I love science. I love the way it has unlocked so many of the mysteries of the world and the universe. I love the advances we have made in technology and medicine in order to improve people’s quality of life. I love the way it is constantly tested and challenged to ensure progress for correct theories and that wrong ones are stopped in their tracks. I love the fact that it is evidence based, constantly proving to us new ideas and discoveries and expanding the boundaries of human knowledge and achievement.
I don’t love the way that it has been set up as some sort of antidote to God, and vice versa.
I’ve always felt that science and “religion” (for want of a better word) are two sides of the same coin; science explaining how things are and religion explaining why things are. One is based on rigorous testing and evidence, the other on faith, interpretation and observation.
Science cannot explain what gives something beauty. Why a flower is pretty, a piece of music is exciting or a piece of writing so moving.
Today I have visited Shakespeare’s Globe Theatre in London. It’s a reconstruction, opened in the 1990s, of what the original is believed to have looked like. It is a stunning wooden structure with an open, thatched roof and the most beautiful artwork on its permanent set. It has been put together because of a collective love of theatre, particularly the works of one man who wrote in the 16th and 17th centuries and whose plays transcend all others in the English language.
But what makes that so? Why do Shakespeare’s writings survive and thrive 400 years after his death? Why is he so revered?
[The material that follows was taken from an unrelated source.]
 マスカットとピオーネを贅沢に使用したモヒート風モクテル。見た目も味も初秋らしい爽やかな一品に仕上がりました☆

The main reasons are, firstly, that his use of language is so wonderfully creative and beautiful. So many of his words are used in every day speech (see the picture at the top). He had a way of writing that brings joy, laughter, sadness, anger, fear, power, love and so many other emotions to life.
That’s part of the second reason, the way he is able to explain so much of the human condition through his writings. Whether it’s the hopeless love of Romeo and Juliet, self worshipping pride of Richard II, the descent into depression of Hamlet, the ruthless ambition of MacBeth or the patriotic heroism of Henry V, Shakespeare was able to show us everything as it was, allowing us to feel sympathy, even for characters who committed awful acts as he paints a vivid picture of what internal and external influences drive them.
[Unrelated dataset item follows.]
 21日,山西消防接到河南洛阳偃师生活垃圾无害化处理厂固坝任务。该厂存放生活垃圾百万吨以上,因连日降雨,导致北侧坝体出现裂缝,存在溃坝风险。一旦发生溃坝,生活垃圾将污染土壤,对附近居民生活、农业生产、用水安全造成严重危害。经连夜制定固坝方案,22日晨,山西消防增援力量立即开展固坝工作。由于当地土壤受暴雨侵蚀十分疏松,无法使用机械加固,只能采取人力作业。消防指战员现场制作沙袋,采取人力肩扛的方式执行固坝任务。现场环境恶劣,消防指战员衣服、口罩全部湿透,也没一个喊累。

But all of this is taken on trust. None of it can be repeated under laboratory conditions because we all react differently to each other to different events and we all react differently ourselves depending on our state of mind.
We simply can’t explain why something we see, hear or feel affects us in a certain way. We can explain, as I’ve attempted to do, why Shakespeare is so endearingly popular, but not why he is more so than other writers or why some don’t like his writing at all. Ultimately it’s down to something too intangible to fully explain.
That’s how I feel about faith, about God and why the start of John’s Gospel sums it up so perfectly for me. It is written in such beautiful language, explaining Jesus in a way which makes sense, but I actually can’t explain. I can explain how he brings light in the darkness, helping us to see the world as it really is. I can see how he was there at the beginning, as part of the creation of the Universe.
But I can’t explain how he is God and is in relationship with God. I can’t explain how the Father, Son and Holy Spirit are all God, but are one being as well as three. I can’t explain how,
“Out of his fullness we have all received grace in place of grace already given.” (John 1:16 NIV)
I can’t explain it, but it makes sense to me. Even though I can’t quite make sense of it. In much the same way as Shakespeare explains humanity in a way in which I can explain by dissecting the words and actions, but can’t actually make sense of what that spark inside it all is which gives his writings such life, so the same is true of John’s writing. It is beautiful, moving and explains the nature of Jesus as divine perfectly, I just can’t tell you why that is.
And that is faith. It’s why faith and science are so different, but not incompatible. Some things defy explanation, because they just don’t need it. They simply are. They just make sense, and that’s all we need to know.